ただ明るく楽しそうに過ごしているように見えても、本当は、ちぐはぐな靴を履いて歩くような、
ぐらぐらと揺れる平均台を目を閉じたまま歩くような気持ちを抱えている。
そんな高校生時代の感じが、壊れそうなくらいそのまま書きつけられているところがすごいと思う。
ただの甘くてゆるい話ばかりと思いきや、「櫛とサインペン」や「飴玉」がいいスパイスになっています。

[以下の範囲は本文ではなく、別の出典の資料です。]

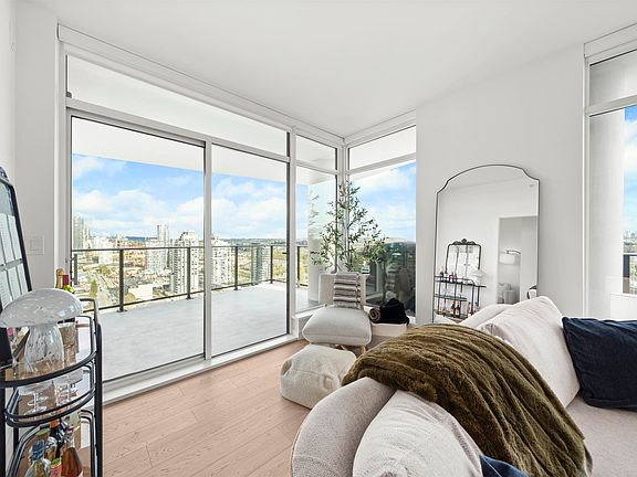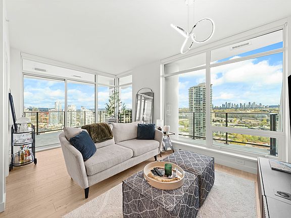 Welcome to Akimbo by Imani in the heart of Brentwood! This south-facing 2-bed 2-bath Corner unit offers 785 sqft of thoughtfully designed living space with an open-concept layout and breathtaking city views with extra space at balcony. Experience modern luxury with 9'ceilings, floor-to-ceiling windows, and kitchen equipped with premium appliances. Enjoy year-round comfort with individually controlled AC and heating. Amenities: gym, guest suite, party lounge, concierge service, and outdoor garden with BBQ area. Steps away from Brentwood Mall, Gilmore SkyTrain Station, Whole Foods, parks, and an exciting array of dining and shopping options. School catchment: Kitchener Elementary (3-min drive), Alpha Secondary (7-min drive), and BCIT (5-min drive).
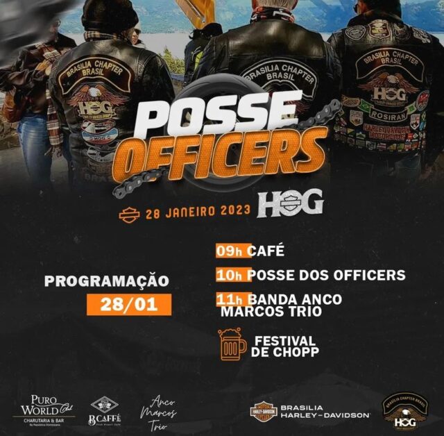 Será um café da manhã, com início às 9h da manhã. O evento contará com a posse do novo Time de Officers, do HOG Brasília Chapter, acompanhado de uma experiência maravilhosa com os handmads da Puro World Club, além de festival de chopp e degustação de café da @clubbrasilcafé. Além disso, terá apresentação da super banda de jazz Anco Marcos Trio, prevista para as 11h.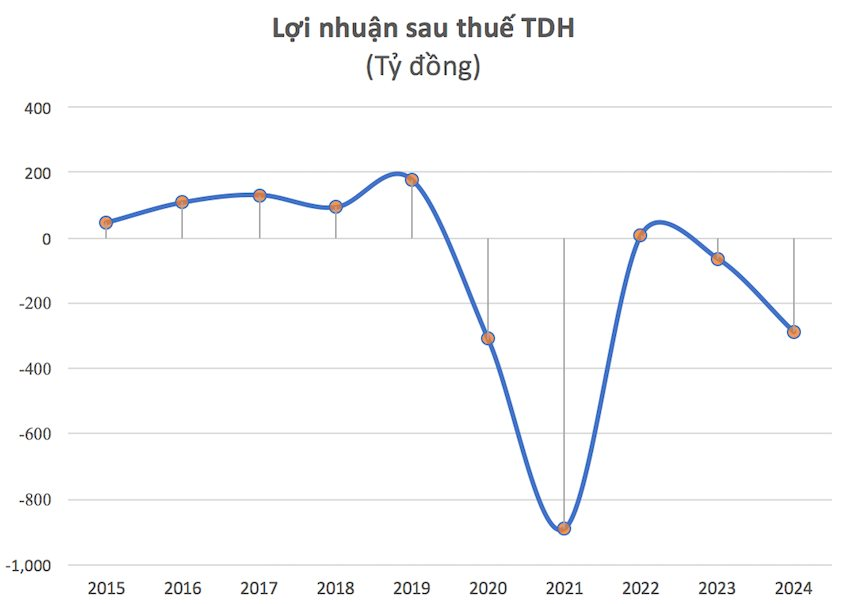 Luỹ kế cả năm 2024, Thuduc House ghi nhận doanh thu thuần gần 49 tỷ đồng, giảm 60% so với năm 2023. TDH báo lỗ sau thuế năm 2024 hơn 288 tỷ đồng, tăng mạnh so với khoản lỗ 63 tỷ đồng cùng kỳ.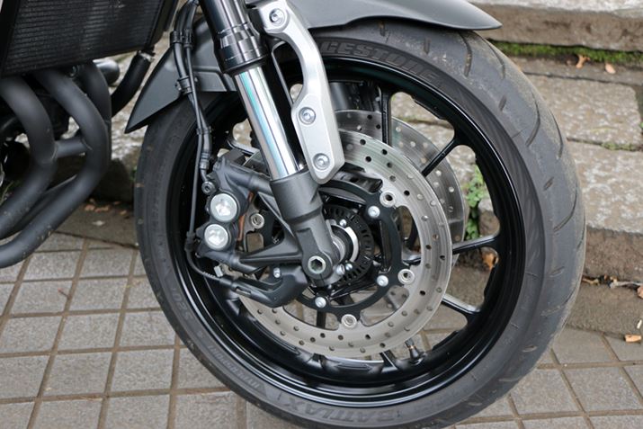 ダブルディスクのフロントブレーキには、ラジアルマウントキャリパーを採用。ABSも装備されている。タイヤサイズは120/70の17インチ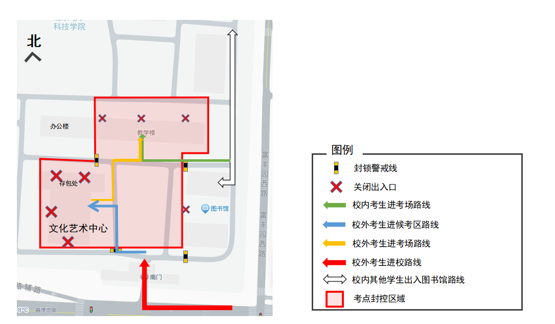 校外考生从学院南门进出,考试当天7:0012:00开始允许考生本人进入。南门设置两条核验通道,由工作人员验证考生准考证和身份证无误后进入校园。校内考生从学院图书馆北侧通道进入考场楼入口,工作人员核验准考证和身份证无误后方可通行。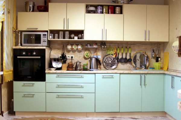Угловая версия кухни позволит выгодно обыграть фасады мебели, используя для этого ненавязчивые рисунки или цветовые сочетания. Подробнее этот прием можно рассмотреть на фотографиях.
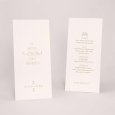 Avec son élégante découpe en forme d'arche, ce menu de mariage, assorti à vos faire-part, complétera merveilleusement votre décoration de table. Présentez-le sur un élégant porte-carte en bois (disponible en option), déposez-en un sur chaque assiette, sublimez-les d’un joli ruban…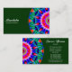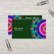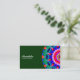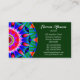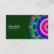 Una tarjeta de visita con un atractivo motivo medio kaleidoscópico de mandala. Nombre comercial, etc. en el frente, con otros detalles al revés, con una variación sobre el mismo motivo.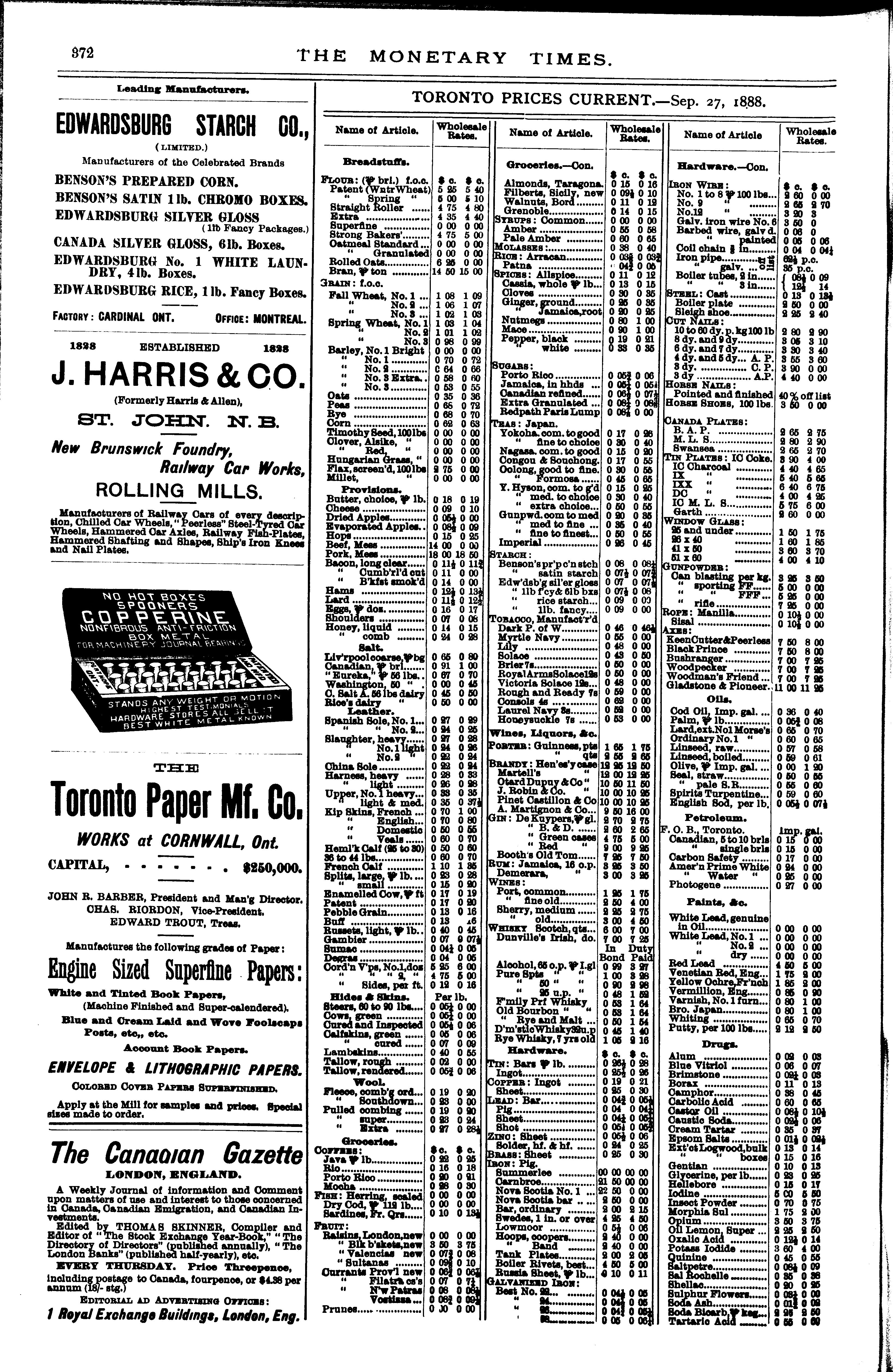 The monetary times, trade review and insurance chronicle : [Vol. 22, no. 13 (Sept. 28, 1888)]
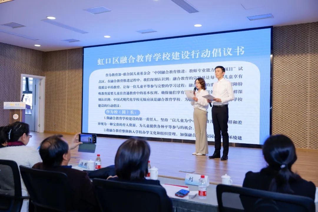 推进会上,虹口区发布了《虹口区融合教育学校建设行动倡议书》,从学校管理者和教师两个层面,提出了“积极建设融合教育学校”的倡议,凝聚了“人人都是融合教育工作者”的共识,描绘了“让所有儿童能在儿童友好环境中享有优质、包容教育”的愿景。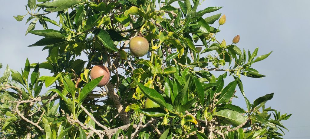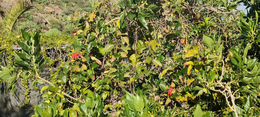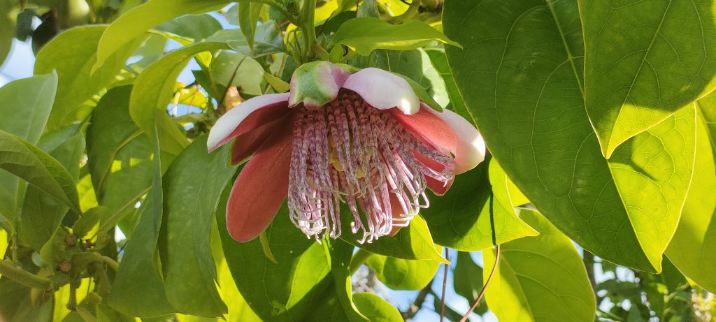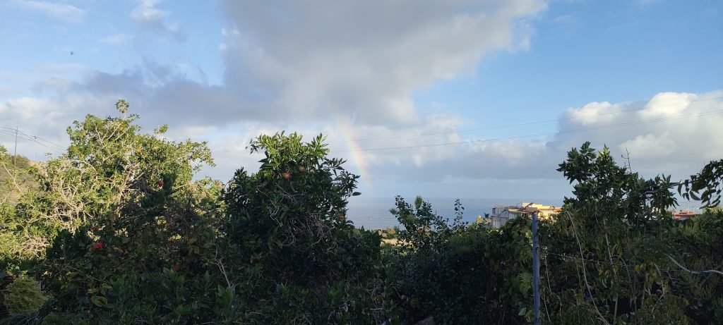 Blick über die Brücke: Bin ich nicht gesegnet? Maracujas, Paradiesblumen, Natur und ein Regenbogen.

まあ、話の筋を追い、ただそれを楽しむような人には向かないでしょう。
懐かしき
月並みだが、自分が女子高生だった頃を思い出す作品。
江國作品の中でも、「神様のボート」の次に好き。
大きな盛り上がりもなく、ただの女子高生たちの日常なのに
なぜにこう飽きることなく読ませられるのか……
そういえば、あの頃は子供のくせに今よりよっぽど現実的な
思考を持っていた気がする…
オススメです。
そんなころも、あった。
 高校生というモノは、オトナとコドモの狭間で、いろいろなきもちが揺れ動く。
 恋にしたって、ともだち関係にしたって、なににしたって。徒党を組んでコイバナにきゃっきゃっと華を咲かせるのが可愛いのもこのくらいまでかもしれない。コイバナはどの年齢にとっても大事なモノなのですが、なんていうか、イメージが。

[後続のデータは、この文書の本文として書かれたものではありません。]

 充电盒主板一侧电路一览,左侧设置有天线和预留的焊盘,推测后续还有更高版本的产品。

 ドキドキする恋愛。これは恋なのだろうか、って悩む恋愛。
 わたしたちが『あのころ』じゃないとできなかった感覚が、この本にはつめこまれていると思います。
かおりも、色もつけがたいあのとき
その時々の場で、時々の主人公がたどり着くもう一枚の世界。
そこではもう制服も長い爪もプリクラも現実的ではない。
生ぬるいような肌寒いようなおかしな空気が流れ、彼女たちにつっかかってきては疑問ともつかない思いを残していく。
そして蓄積したそれを解消するわけでもなく、明日も制服を着て、学校に行く。
ただそれを受け止め生きていく彼女たちの姿は私たちが思っているほど、頼りなくて、悲しくて、少しびっくりした。
ついでですけど本当、タイトルのつけ方が巧いですよね。